### LISTED ENTRIES

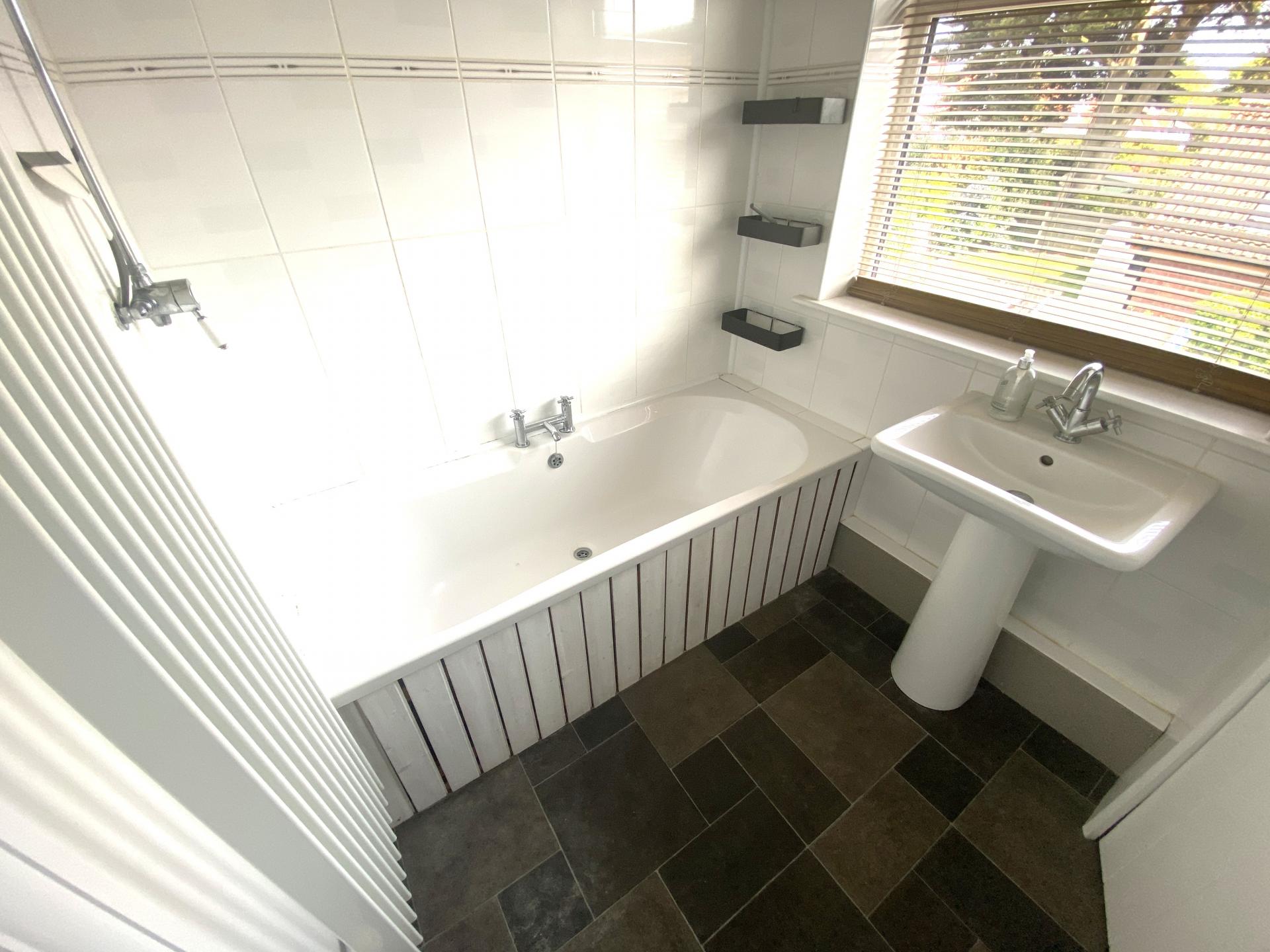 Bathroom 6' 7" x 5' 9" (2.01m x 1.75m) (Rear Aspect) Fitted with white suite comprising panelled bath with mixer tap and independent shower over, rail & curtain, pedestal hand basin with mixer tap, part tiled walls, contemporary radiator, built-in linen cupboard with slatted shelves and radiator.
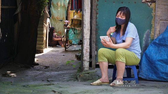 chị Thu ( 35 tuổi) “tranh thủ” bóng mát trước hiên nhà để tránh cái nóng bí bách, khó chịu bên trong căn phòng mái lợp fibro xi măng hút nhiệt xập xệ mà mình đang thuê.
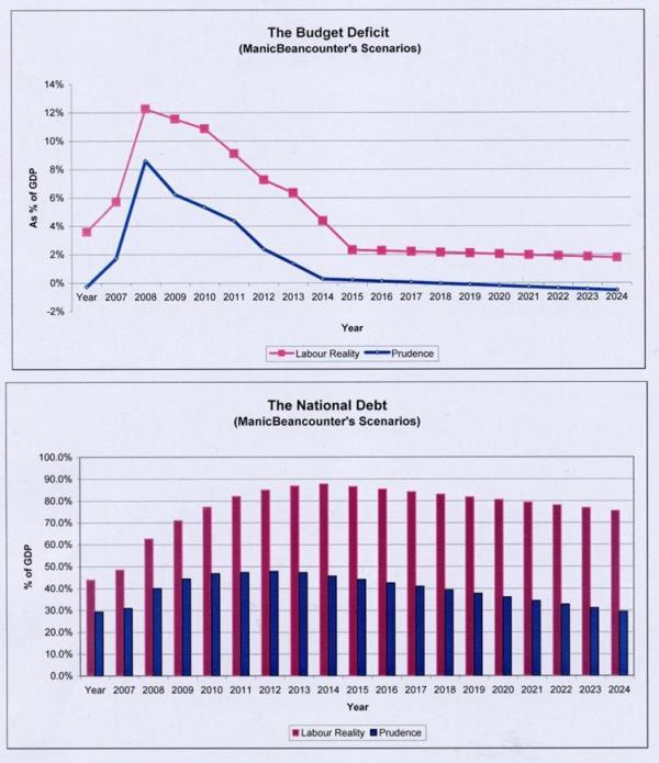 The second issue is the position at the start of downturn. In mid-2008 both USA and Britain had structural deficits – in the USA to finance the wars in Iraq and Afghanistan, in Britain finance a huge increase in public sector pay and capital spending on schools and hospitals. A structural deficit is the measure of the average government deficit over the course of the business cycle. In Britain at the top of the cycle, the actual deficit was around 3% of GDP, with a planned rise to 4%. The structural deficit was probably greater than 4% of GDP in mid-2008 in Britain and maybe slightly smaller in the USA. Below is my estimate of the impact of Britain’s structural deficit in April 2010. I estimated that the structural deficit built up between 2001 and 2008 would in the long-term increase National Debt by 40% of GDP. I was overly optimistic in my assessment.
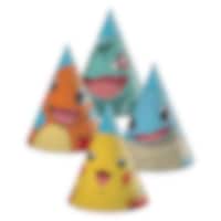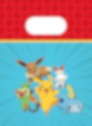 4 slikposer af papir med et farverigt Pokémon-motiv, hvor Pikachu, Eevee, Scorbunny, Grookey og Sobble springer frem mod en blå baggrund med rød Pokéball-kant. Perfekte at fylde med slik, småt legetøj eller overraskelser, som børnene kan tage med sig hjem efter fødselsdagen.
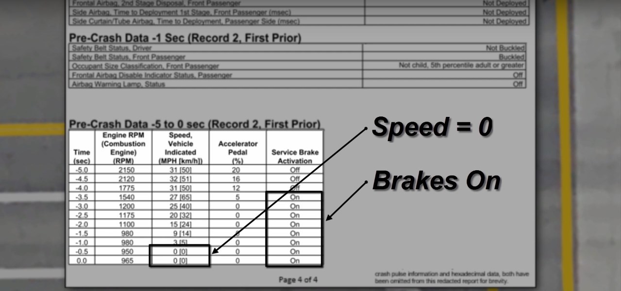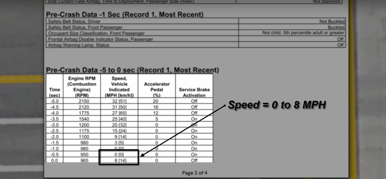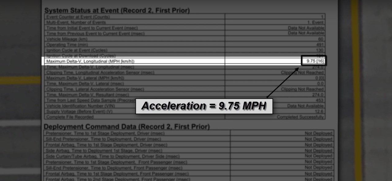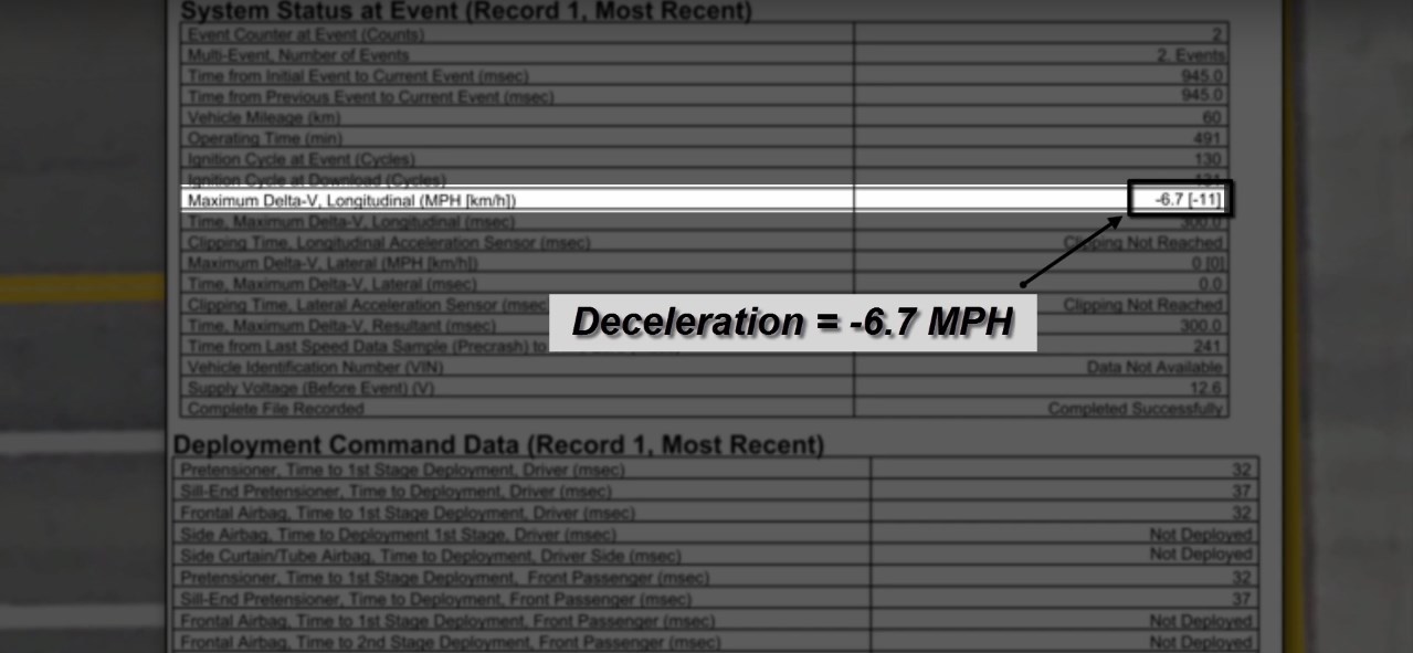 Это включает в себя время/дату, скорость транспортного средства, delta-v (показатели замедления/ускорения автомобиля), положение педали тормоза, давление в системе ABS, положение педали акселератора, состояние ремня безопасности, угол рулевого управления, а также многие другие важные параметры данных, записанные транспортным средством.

######

WORK ITEM: Exactly as written, return each line above and leave the pictures behind.

RESULT OF THIS EXERCISE:
 Bathroom 6' 7" x 5' 9" (2.01m x 1.75m) (Rear Aspect) Fitted with white suite comprising panelled bath with mixer tap and independent shower over, rail & curtain, pedestal hand basin with mixer tap, part tiled walls, contemporary radiator, built-in linen cupboard with slatted shelves and radiator.
 chị Thu ( 35 tuổi) “tranh thủ” bóng mát trước hiên nhà để tránh cái nóng bí bách, khó chịu bên trong căn phòng mái lợp fibro xi măng hút nhiệt xập xệ mà mình đang thuê.
 The second issue is the position at the start of downturn. In mid-2008 both USA and Britain had structural deficits – in the USA to finance the wars in Iraq and Afghanistan, in Britain finance a huge increase in public sector pay and capital spending on schools and hospitals. A structural deficit is the measure of the average government deficit over the course of the business cycle. In Britain at the top of the cycle, the actual deficit was around 3% of GDP, with a planned rise to 4%. The structural deficit was probably greater than 4% of GDP in mid-2008 in Britain and maybe slightly smaller in the USA. Below is my estimate of the impact of Britain’s structural deficit in April 2010. I estimated that the structural deficit built up between 2001 and 2008 would in the long-term increase National Debt by 40% of GDP. I was overly optimistic in my assessment.
 4 slikposer af papir med et farverigt Pokémon-motiv, hvor Pikachu, Eevee, Scorbunny, Grookey og Sobble springer frem mod en blå baggrund med rød Pokéball-kant. Perfekte at fylde med slik, småt legetøj eller overraskelser, som børnene kan tage med sig hjem efter fødselsdagen.
 Это включает в себя время/дату, скорость транспортного средства, delta-v (показатели замедления/ускорения автомобиля), положение педали тормоза, давление в системе ABS, положение педали акселератора, состояние ремня безопасности, угол рулевого управления, а также многие другие важные параметры данных, записанные транспортным средством.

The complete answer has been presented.